INSTRUCTIONS TO FOLLOW.
From the entries below, retype only the lines from the one with "Биты шестигранный профиль" through the one with "Gold plated kada", exactly as written.

SUPPLIED INFORMATION.
▶

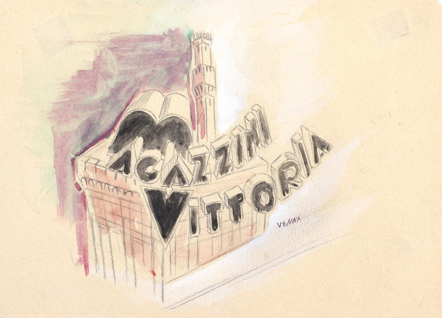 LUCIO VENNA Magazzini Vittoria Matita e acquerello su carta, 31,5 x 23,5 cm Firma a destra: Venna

◀
▶

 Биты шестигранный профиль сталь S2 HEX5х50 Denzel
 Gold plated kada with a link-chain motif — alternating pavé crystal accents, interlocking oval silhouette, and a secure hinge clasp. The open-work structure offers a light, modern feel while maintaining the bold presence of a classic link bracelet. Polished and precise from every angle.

◀

RESPONSE TO THE TASK.
 Биты шестигранный профиль сталь S2 HEX5х50 Denzel
 Gold plated kada with a link-chain motif — alternating pavé crystal accents, interlocking oval silhouette, and a secure hinge clasp. The open-work structure offers a light, modern feel while maintaining the bold presence of a classic link bracelet. Polished and precise from every angle.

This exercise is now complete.